Initially, we will use three components (as determined from the PCA).
clin_pls <- pls(x, y, ncomp = 3, mode = "regression")
## Note: Results are in terms of unit variance-- the further away from the center, the stronger the association
plotVar(clin_pls, overlap = F)
plotIndiv(clin_pls, group = liver.toxicity$treatment$Time.Group, ind.names = liver.toxicity$treatment$Dose.Group, legend = T, ellipse = T)
Note: CIMs are not rendering to markdown.
##Flush graphics device
#graphics.off()
#par(mar=c(1,1,1,1))
#cim(clin_pls, comp = 1:3, xlab = "clinic", ylab = "genes", margins = c(10, 10), title = "Clinical PLS Clustered Image Map")
perf() will be used to compute evaluation critera for the PLS model.
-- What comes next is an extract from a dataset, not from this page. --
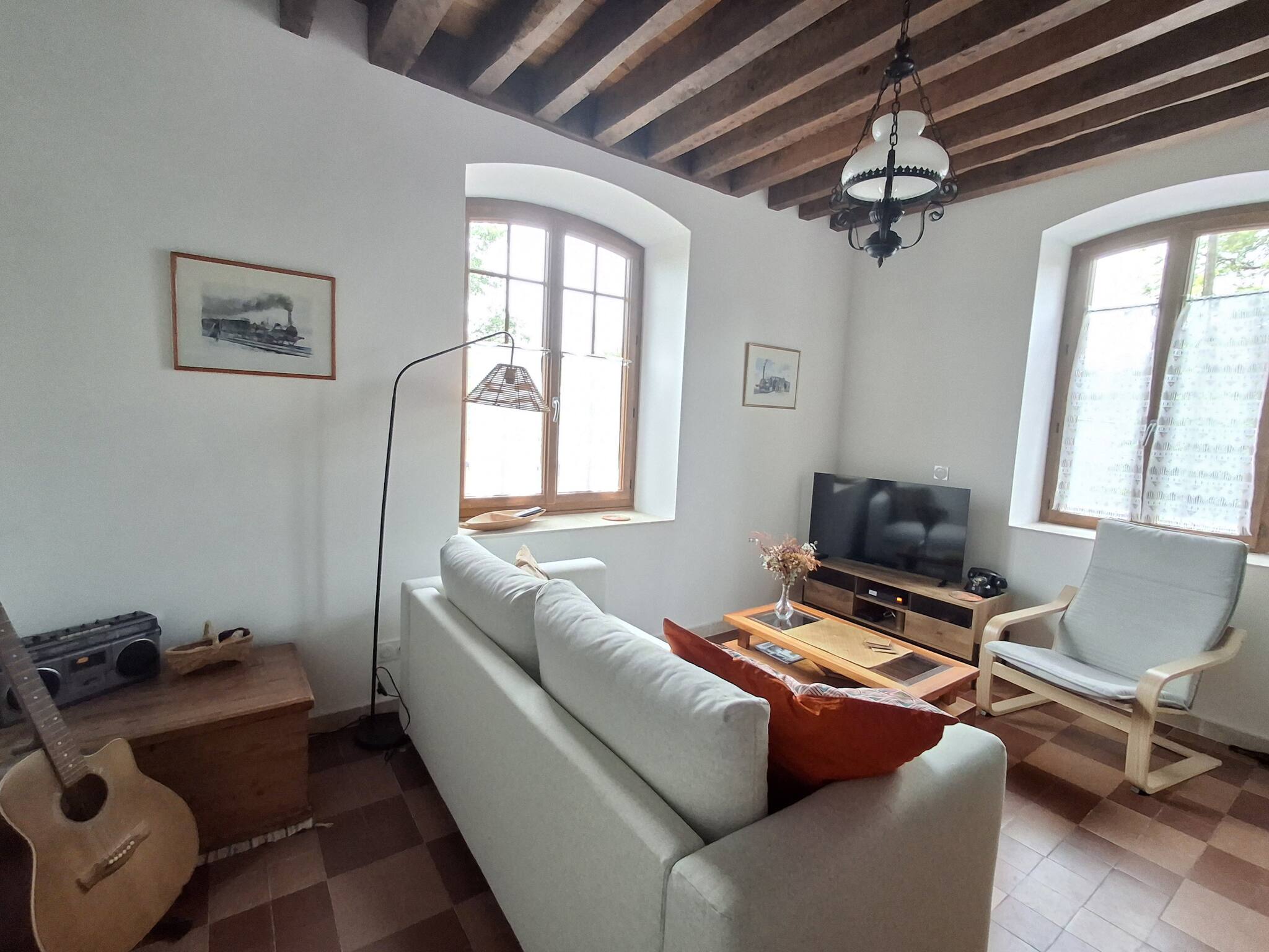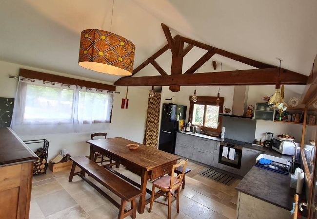 Gite tout confort composé au rez de chaussée d’une cuisine équipée avec salle à manger donnant sur le jardin où se trouve un vrai four à pain utilisable, un salon, et un wc séparé .

For cross-validation, Mfold will be used rather than leave-one-out. nrepeat will be set to 50. We will set the progressBar to false, because the calculations aren’t large enough to warrant its use.
tune_pls <- perf(clin_pls, validation = "Mfold", folds = 10, nrepeat = 50, progressBar = FALSE)
plot(tune_pls$Q2.total, ylim = c(-0.5, 0.5),
main = "PLS Q^2 Values by Principal Component",
xlab = "Principal Component",
ylab = "Q^2 Value")
abline(h = 0.0975)
Note: Tenenhaus, M. (1998) suggests using a cuttoff of 0.0975 for Q2 values, where any component with values lower than the cutoff are not included in the model.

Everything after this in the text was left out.